Home > Transforms Nodes > Filter Columns > Edit Filter Columns Node > Define Filter Columns Settings
This dialog allows you to create and edit filter columns settings.
There are three kinds of settings:
Data Quality (percent of NULL
s, percent of values that are unique, and percent of constants)
Attribute Importance (build Attribute Importance model to identify important attributes); off by default
Sampling (default size for random sample for calculating statistics)

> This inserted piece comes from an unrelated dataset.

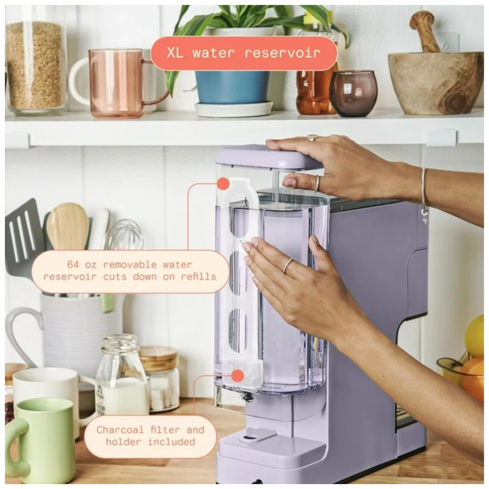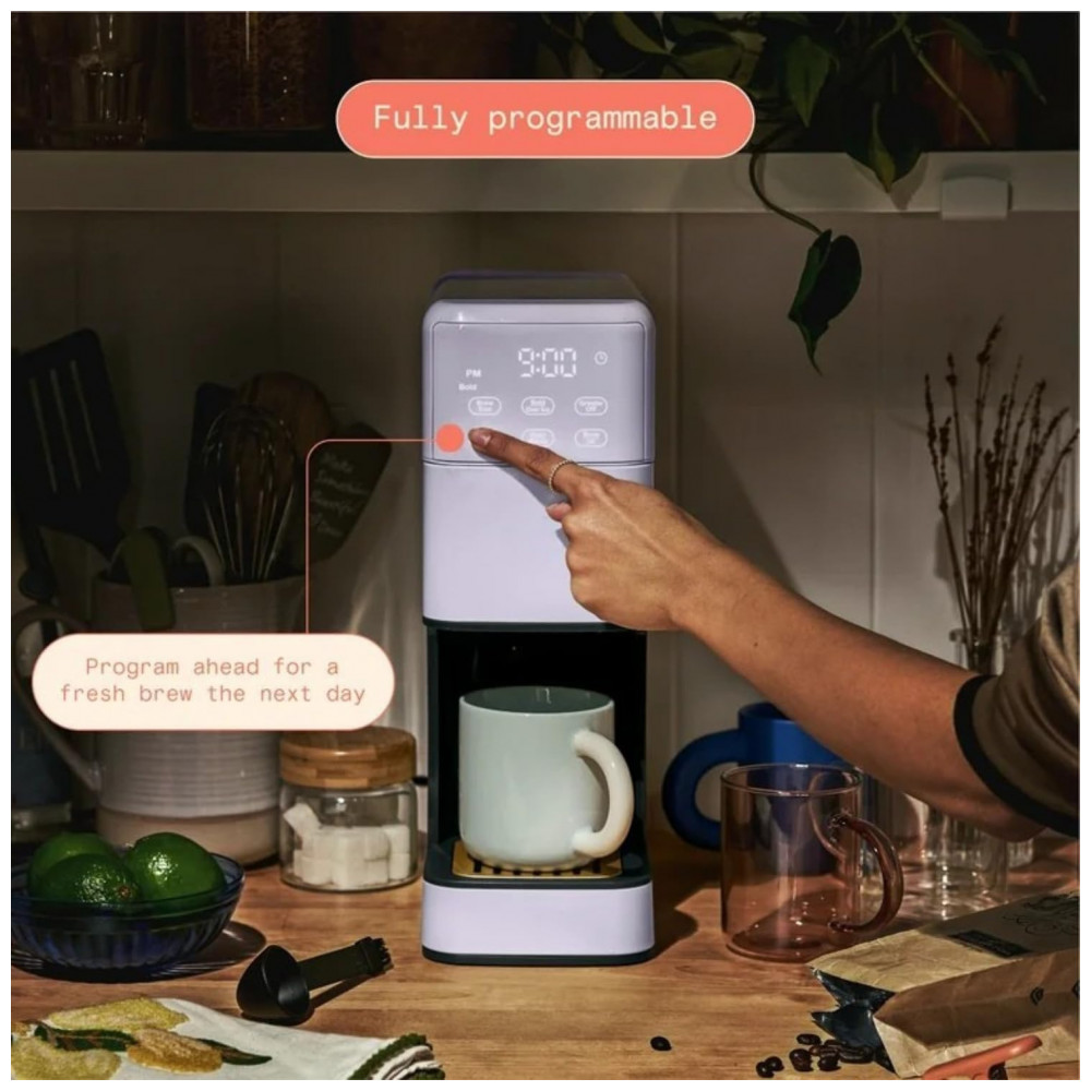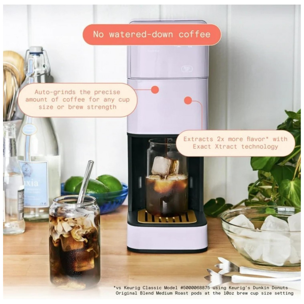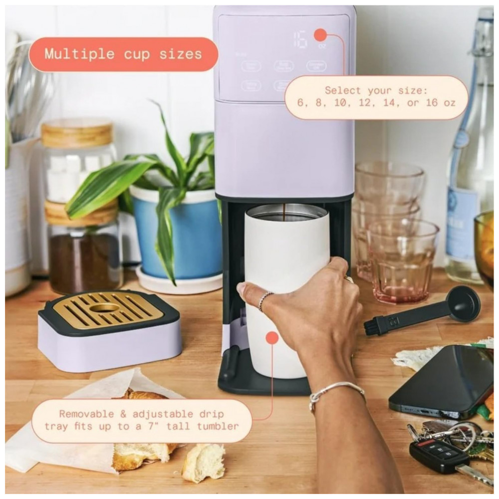 A Perfect Grind Lavender é uma máquina de café drip single serve equipada com moedor burr integrado para processar grãos inteiros em preparos individuais de 177 a 473 ml (6-16 oz), com seleções de força regular, bold ou over ice e reservatório removível de 1,89 L adequado para uso diário múltiplo.

You can specify the following data quality criteria:
% Nulls less than or equal indicates the largest acceptable percent of NULL
values in a column of the data source. The default value is 95%. You may want to ignore columns that have a larger percent NULL
values.
% Unique less than or equal indicates the largest acceptable percent of values that are unique a column of the data source. The default value is 95%. If a column contains many unique values, it may not contain useful information for model building.
% Constant less than or equal indicates the largest acceptable percent of constant values in a column of the data source. If almost all the values in a column are the same, the column may not be useful for model building.
The filter columns by default uses a sample to determine data quality and attribute importance. The default is to use a Sample Size of 2,000 records. You can turn off sampling, that is use all of the data, or increase the sample size.
The default values for Data Quality and Sampling are specified in preferences; see Filter Columns for details. You can change the default.
By default, Filter Columns does not calculate Attribute Importance. See Attribute Importance for directions on how to find important attributes.